Its also better to record twice @near & @far usually (0.3m & 3m from your mic but whatever the far sensitivity allows) the natural room reverberation and proximity effects will be recorded to create more accuracy but you can just do near as the accuracy increase is only fractional compared to the huge increases of a model based on the voices of actual use.

For tensorflow Tensorflow give examples in fact they have created a MFCC front end for microcontrollers specifically for KWS whilst Atomic just uses the casual introduction tutorial to audio spectrograms.

Its documented here and I have posted this now a plethora of times to even have it deleted.

TensorFlow Lite for Microcontrollers step by step it shows the simple procedure for taking a tflite model Get started with microcontrollers

The info and procedures have been there for 2 years but the recent introduction of the Audio “frontend” TensorFlow operations for feature generation was obviously a stumbling block so they now provide the microcontroller code.
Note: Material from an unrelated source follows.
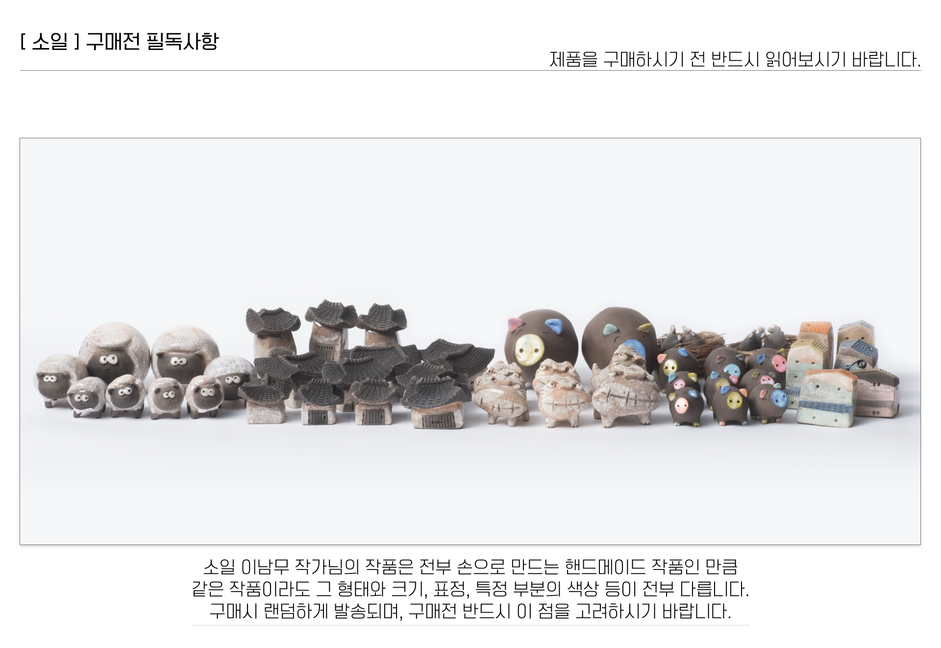 | 색상이 사진과 조금 다릅니다 도자기 제품은 가마에서 나올 때 마다 흙의 종류, 가마의 분위기, 유약 요변의 특성상 조금씩 색상톤의 변화가 있는 제품입니다. 색상에 많이 예민하신 분은 미리 문의하시면 발송가능한 제품의 사진을 찍어 게시판에 올려 드리니 참고 하시기 바랍니다. 철분점이 없는 걸 사고 싶어요 ( 또는 반대의 질문 ) 철분점은 핸드메이드 도자기 제품의 꽃으로서, 자연스러운 표현기법이자 현상입니다. 가마에 따라, 또는 한 가마의 제품이라도 그 수가 적고 많음이 불규칙적으로 표현되오니 이러한 부분에 예민하신 분은 미리 문의해 주시면 발송 가능한 제품의 사진을 찍어 안내 드리니 참고하시기 바랍니다. 구매하고 싶은데 품절이 되었어요! 혜화토는 재고가 부족하지 않도록 항상 노력하고 있습니다. 하지만, 제품마다 제작 방법 및 기법, 유약 작업 등이 다르며 가마 상황에 따라 다양한 변수가 발생하므로 재고의 수량이 원활히 수급되지 않는 경우가 있습니다. 보통 품절되기 전 다음 수량을 입고하기 위해 노력하지만, 때로는 한 가마 전체를 버려야 하는 경우가 생기기도 하는 수작업의 영역이기에 재입고 일정이 늦어지는 경우가 비일비재 합니다. 재입고 일정은 특성상 정확한 일정이 정해지지 않지만, 입고시 알람 문자는 발송해 드리고 있으니 원하시는 재품의 재입고시 알람문자를 받고 싶으시면 문의로 성함 및 연락처, 원하는 제품명을 알려 주시면 문자를 발송해 드립니다. 또한, 네이버톡톡으로도 안내를 받을 수 있으니 톡으로 남겨 주셔도 됩니다. 대량 구매진행은 어떻게 해야 하나요? 혜화토는 여러 작가님과의 계약을 통하여 작품을 판매하는 편집샵입니다. 따라서, 대량 구매의 최소 금액 기준은 작가 및 브랜드별로 상이하며, 사업자 등록증이 없는 경우는 별도 대량구매 안내를 해드릴 수 없습니다. 대량구매 게시판에 포멧에 맞게 문의서를 작성해 주시면 안내해 드리도록 하겠습니다. |

From code to tutorials to training framework its all provided 100% by Google and its state-of-the-art and all it needs is a Web GUI to record and review KW, !KW & Silence.

Its so simple that a brain damaged MS sufferer with no Python experience can hack together extremely accurate working models that surely any Rhasspy dev can automate as example proof of concept have been forwarded by a community member above.
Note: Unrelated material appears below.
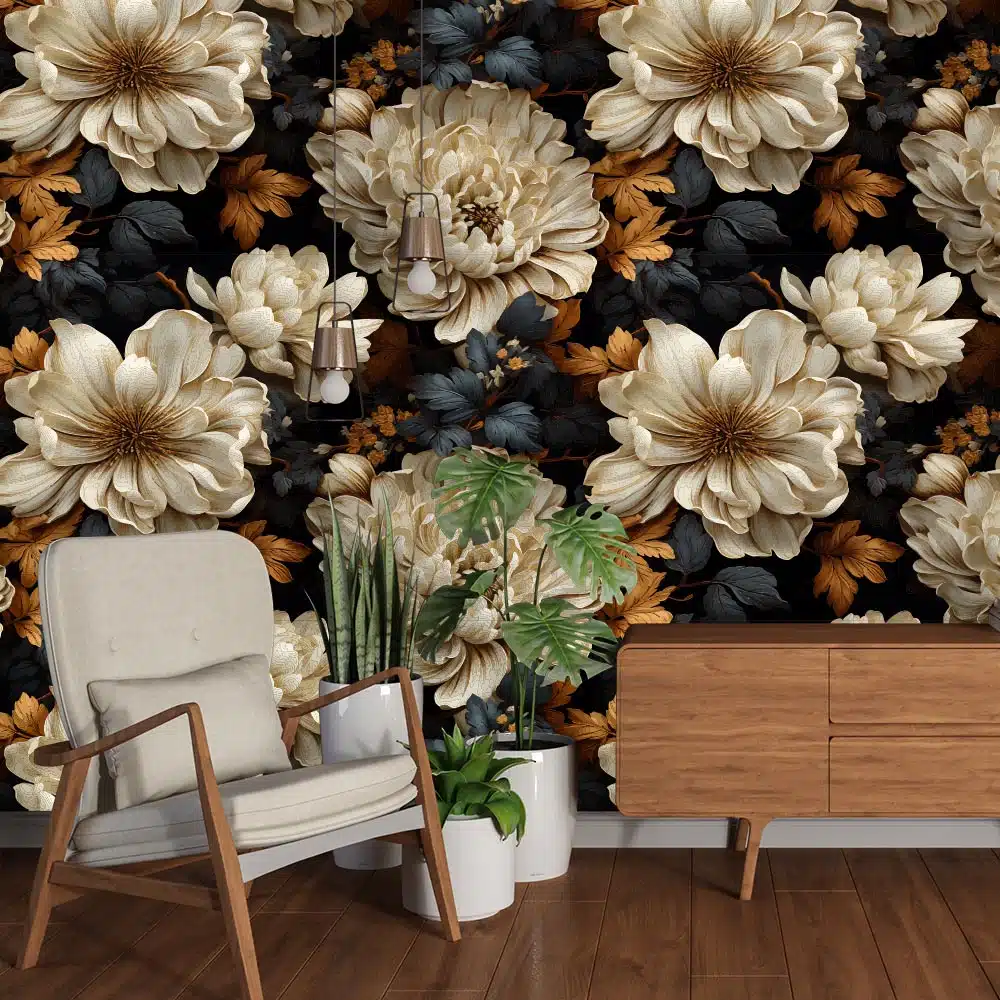 Dit op maat gemaakte behang vormt een stijlvol statement in bijvoorbeeld de woonkamer, slaapkamer of eetkamer, en zorgt voor een warme, elegante sfeer met een artistieke twist.

If you can not work it out for your self I can help and tell you how as maybe my confusion why this hasn’t been implemented and why code is just being copied rebranded whilst the likes of Google have opensource already provided.

You just have to read what they have provided like I have done and keep posting here to no avail.
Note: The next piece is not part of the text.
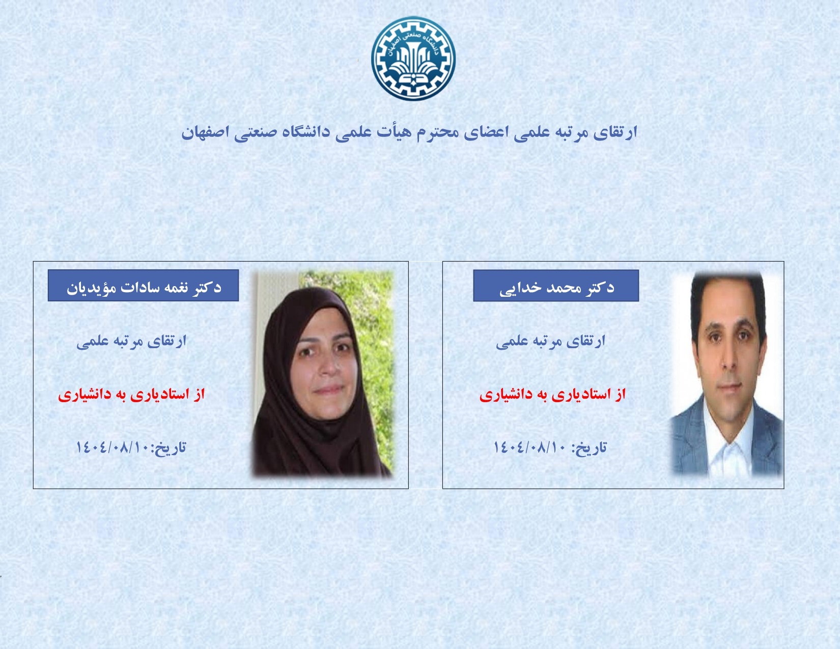 1- آقاي دكتر محمد خدائي - عضو محترم هيأت علمي دانشكده فني و مهندسي گلپايگان - ارتقاي علمي از استادياري به دانشياري

The more custom a model goes from all voice to native speaking, to regional accent, to own voice are massive steps in accuracy as a model becomes more defined as the reality is they are little more than highly evolved tensor classification filters and the less cross entropy in the dataset means more clear cut classification and higher accuracy and its that simple.

sox -m noise.mp3 voice.wav mixed.flac what is so confusing about that in terms of a dev providing a solution?
All I am stressing is that the noise samples need to be volume matched to dataset samples otherwise the noise may become the foreground audio turning the dataset sample into a garbage entry.
Check volumes and adjust before mixing and this is just simple code that has been missing for some time (always mix in noise at a lower volume than the sample or the sample will be overwritten) as the Precise training methodology is broken and introduces large proportions of garbage and cross entropy.

It shouldn’t end there because we are on a local private VoiceAI we should be able to easily capture KW and command sentences to create datasets of use and a KWS that ships out models OTA that increase in accuracy by use by using the recorded samples of use automatically in a 2 stage firmware like delivery.

rolyan_trauts · November 29, 2021, 11:20am

I just got a like on this topic and saw your reply.
@synesthesiam The new federated learning additions are really important as a new keyword always needs to trained from scratch as you are pattern matching on a keyword which is far more accurate or should be than phonetic dictionary based ASR.

So it doesn’t solve that but if you want to add to the dataset you always had to have the full dataset and retrain where now with federated learning you can train a main model and then have a smaller local model specific to user and device hardware that alters the weights of the main model.
So you can increase accuracy for a user and device for accent and device usage tonal results.

I haven’t worked it out yet but know from the new Pixel phones it is what they use to such effect there models are now offline.
The new Tensor TPU and cutting edge phone obviously has some grunt but currently Googles mobile models seem to be providing leading edge ASR & KWS and a few other great AI enhanced methods as well as what has become normal in HDR photography.